The thing about the translation of Latin is that you can’t force the translation: you mustn’t make one language into another prior to prolonged contemplation, you must—as every good stutterer, who has a set of synonyms for every conceivable situation, knows—exist within the dizzying ambiguity of a dozen words, not committing yourself in one syntactical direction or another but, instead, letting the language itself take you where it wants to go and where it has taken so many other sorry souls for millennia…. Well, I forced the translation. When called upon in class to read aloud I’d do even worse than before because, after such elaborate preparation, I felt such self-imposed pressure that I couldn’t perform. There appeared to be an inverse relationship between how much I knew and how little I could communicate and this dichotomy was deepened in my, as well as the professor’s, mind by the excellence of my term paper, “The Pun on ‘Gemina’ in Terence and Plautus: Twin as Paradox,” on the last page of which Dr. Dreissen wrote:
“Optimum opus,
only slightly vitiated by occasional vagueness. Please come see me.” “Please come see me” was a passionate plea for a student-teacher, Roman-style love affair, which I ignored despite the fact that I was lugging around an erection as imperishable as Aristophanes’ phallus.
IT’S AN ANCIENT STORY
, beginning before Demosthenes, and it has a simple moral: we try to but cannot construct reality out of words. Catullus has nothing to say to the cab driver. A poem isn’t a person. Latin’s only a language. Stuttering’s only wasted sound. It can’t become communication.
Sandra strongly disagrees concerning the next point. She says personality disorders arise from stuttering whereas I seem to want to feel only the stutterer is faithful to human tension every time he talks, only in broken speech is the form of disfluency consonant with the chaos of the world’s content. Stutterers are truth-tellers; everyone else is lying. I know it’s insane but I believe that.
I was having such extreme difficulty conducting conversations anywhere other than the shower that in March, out of semi-suicidal desperation, I walked down Westwood Boulevard to the UCLA Speech and Hearing Clinic. My hearing was fine. I could hear high whistles and low whispers. The structure of my cochlea was impeccable.
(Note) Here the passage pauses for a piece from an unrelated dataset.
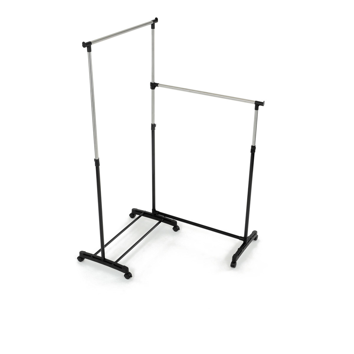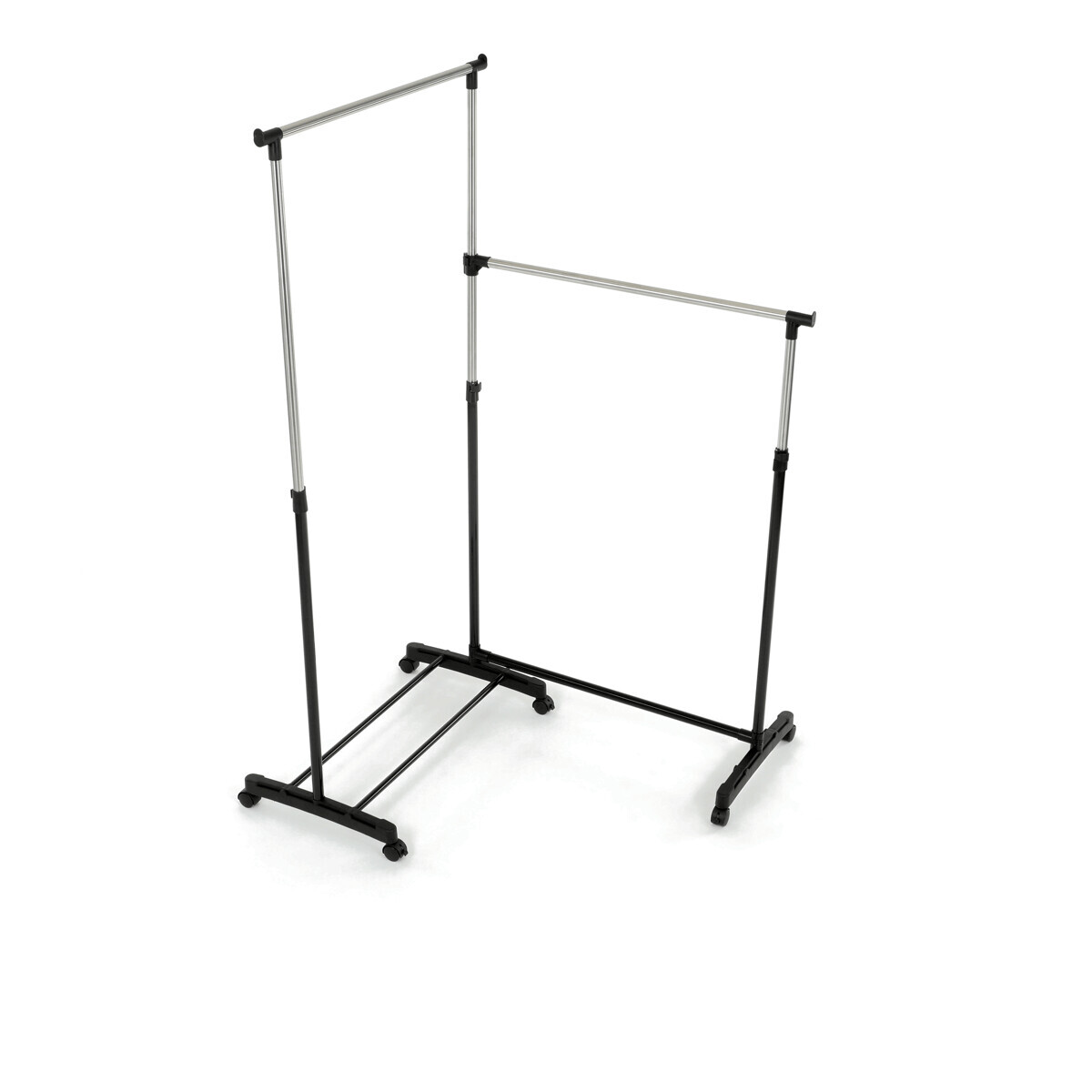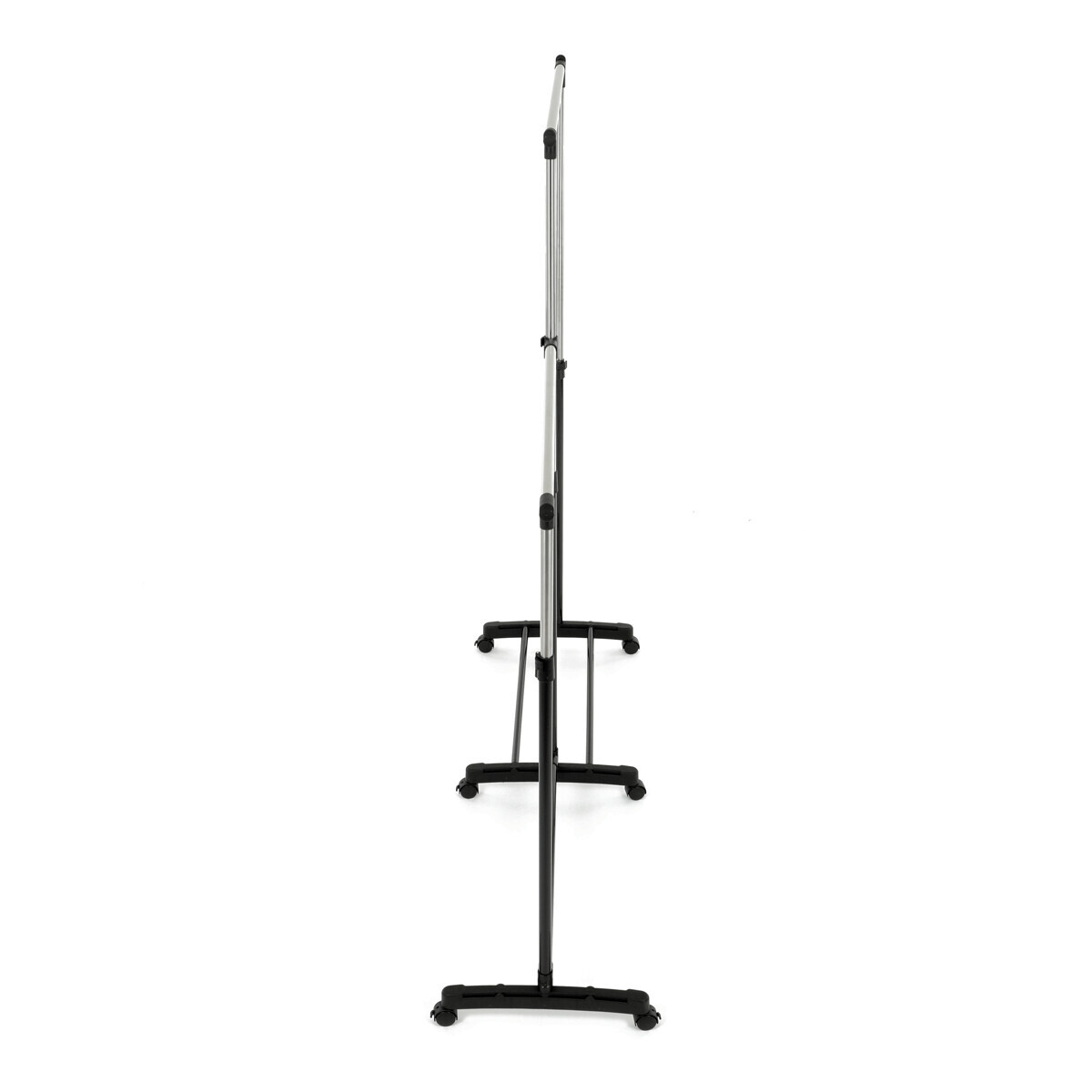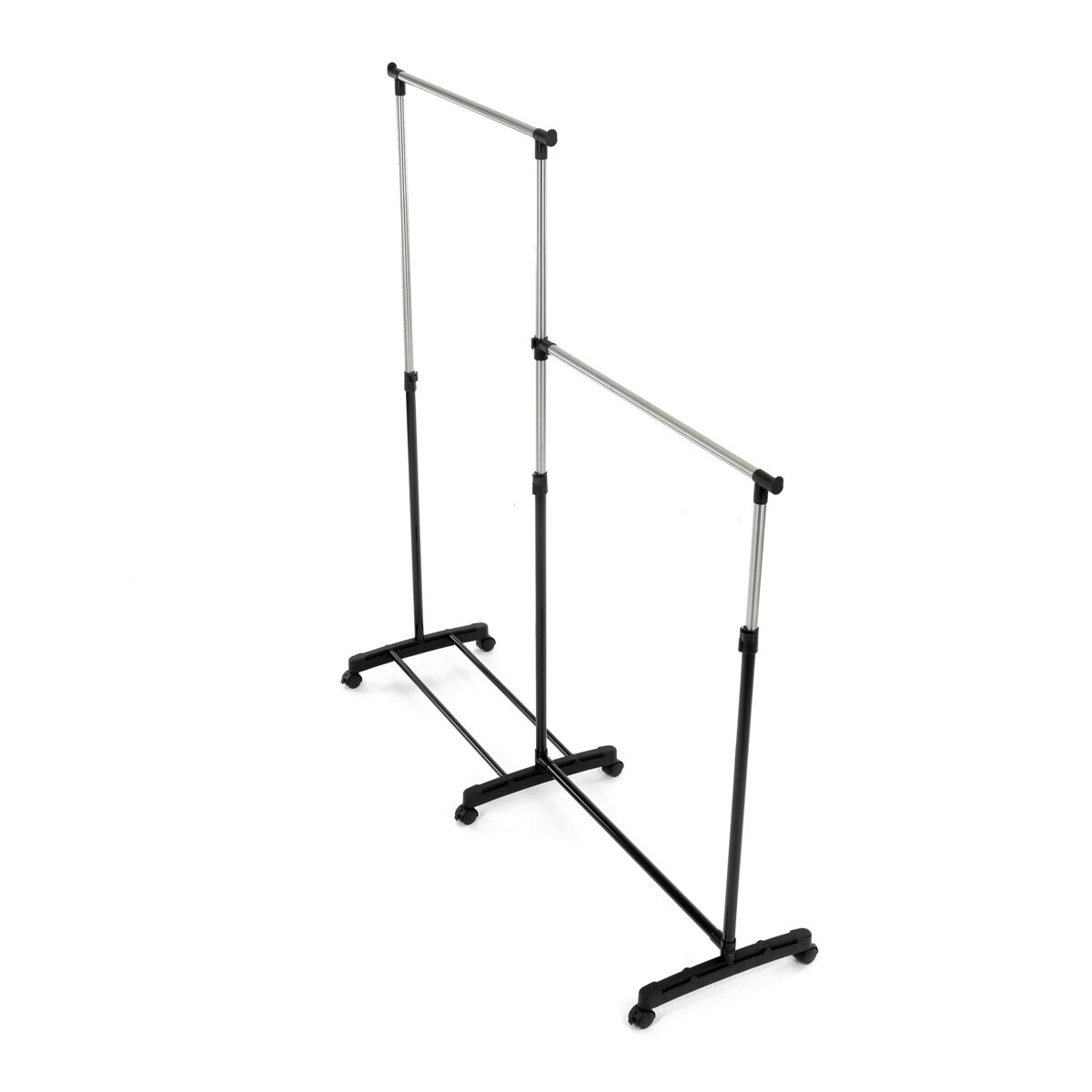 Dvojitý stojan na šaty značky Autronic je ideálním řešením pro maximální využití úložného prostoru. Stabilní kovová konstrukce v kombinaci s kolečky umožňuje snadnou manipulaci a vysokou nosnost. Dvě prostorné tyče poskytují dostatek místa pro zavěšení oblečení, ideální pro šatny, ložnice či předsíně. Minimalistický design v černém provedení se snadno přizpůsobí jakémukoliv interiéru. Díky své praktičnosti a flexibilitě je tento stojan perfektní volbou pro každodenní použití i sezónní organizaci šatníku.

The clinic is—“is,” for two years later I still see Sandra twice a week—a four-story marble building with brightly colored carpeting inside, long echoing corridors, stone staircases, and room after room of one-way observation mirrors, black cameras in the corner cassette recorders on wooden desks, and anxiety attacks in plastic chairs.
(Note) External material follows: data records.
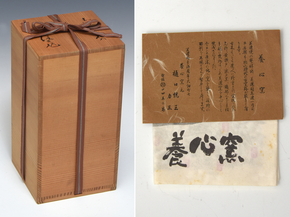 養心窯 樋口統三(作)志野花入です。 高台脇に印あり。 ほとんど使用歴なく汚損破損のない美品です。 ※撮影の際に生じた写り込みなどがございます。 ご理解の程よろしくお願い致します。 |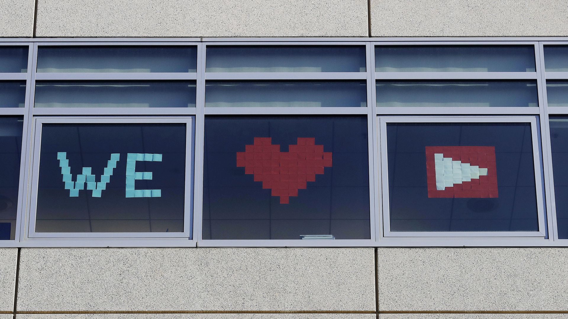 Sticky-note solidarity for YouTube, from a Walmart office in San Bruno, Calif. (AP's Jeff Chiu)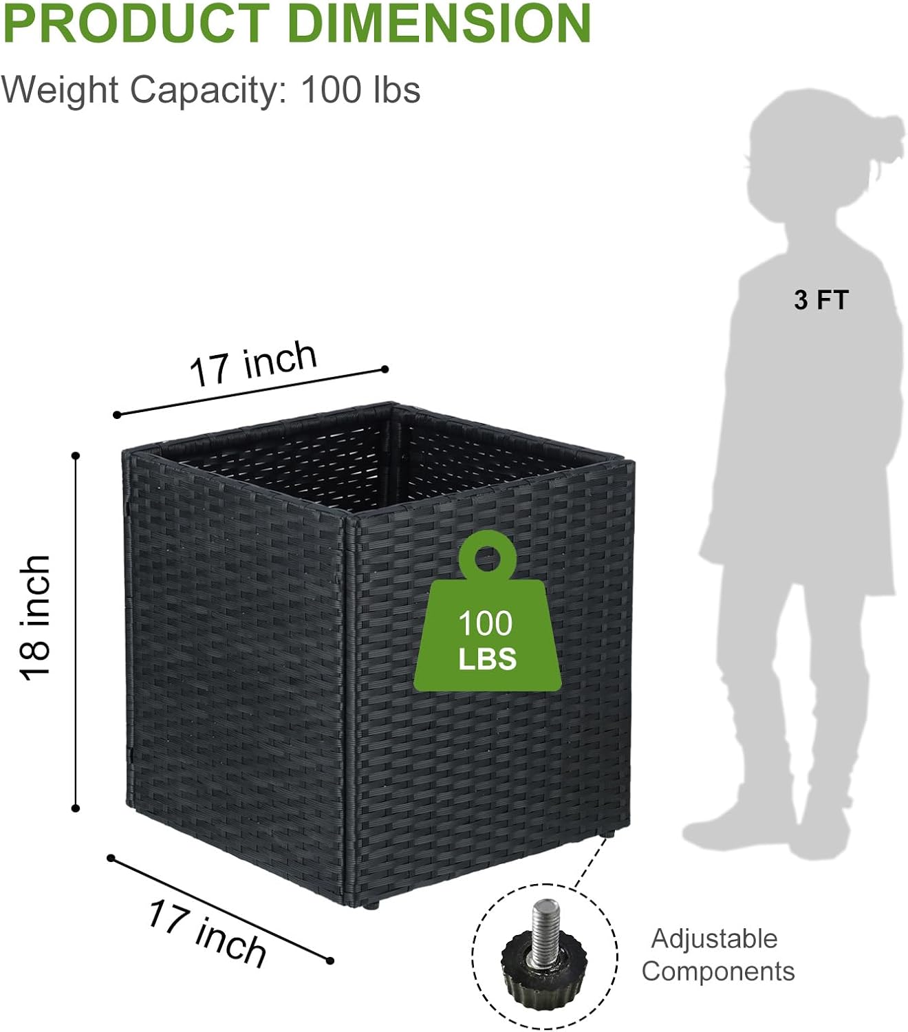 • Removable Liner: Each wicker planter in this set comes with a nonwoven fabric liner (measures 16 x 16 x 17 inch) that separates wicker from the soil. Keep planter in excellent condition to prevent weeds and other invasive species from interfering with plant growth

I’d called a few days earlier—depressing dialogue in which my voice betrayed my purpose before my message did—to schedule an appointment, so I gave my name to the receptionist, then sat in the waiting room until Sandra approached with a clipboard and, briskly shaking my hand, said, “Jeremy? Jeremy Zorn? Hi, I’m Sandra. I’ve been assigned to be your clinician.”
I didn’t like “assigned.” It suggested reluctance. I didn’t like “clinician.” It suggested Buchenwald. I went with her into a private room that was apparently meant for three-year-old possessors of cleft palates and six-year-old lispers, as all the chairs were tiny wooden structures and there were coloring books stacked on the undersized table, plastic toys to play with on the multicolored carpet. Sandra and I sat at the absurdly small desk in our absurdly small chairs, like double Gullivers among Lilliputian furniture. She turned on the tape recorder, signaled to the camera, then asked me to tell the abbreviated tale of my titubancy. I said, “I see Mother hovering above me like a hawk on some spring day in the living room. I see Father, barefoot, sweaty, bored, bouncing a tennis ball on the Persian rug. I see Beth—no, I don’t see Beth, since she’s always absent—away at a classical guitar lesson. I see myself lying on the couch, watching Mother flip flash cards in front of my face, and not being able to say what each picture depicted. That’s the beginning of all this business, Sandra. I see myself alone at Lido Isle, determined either to cut out my tongue or abandon English for Chinese. I see myself, at six, being unable to read ‘The Death of Bozo the Clown’ to my Open House audience; at seven, on the playground at Currier, surrounded by the Fifth-Grade All-Stars, with bats in their hands, being told to say
Golden Gate Park.
…”
I thought it was going okay. I wasn’t stuttering. I was using language as well as I could to communicate the difficulty of using language, but Sandra punched off her tape recorder and said, “You realize what you’re doing, don’t you?”
“No.”
“You’re afraid you won’t be able to start up again once you stop, so you just keep talking.”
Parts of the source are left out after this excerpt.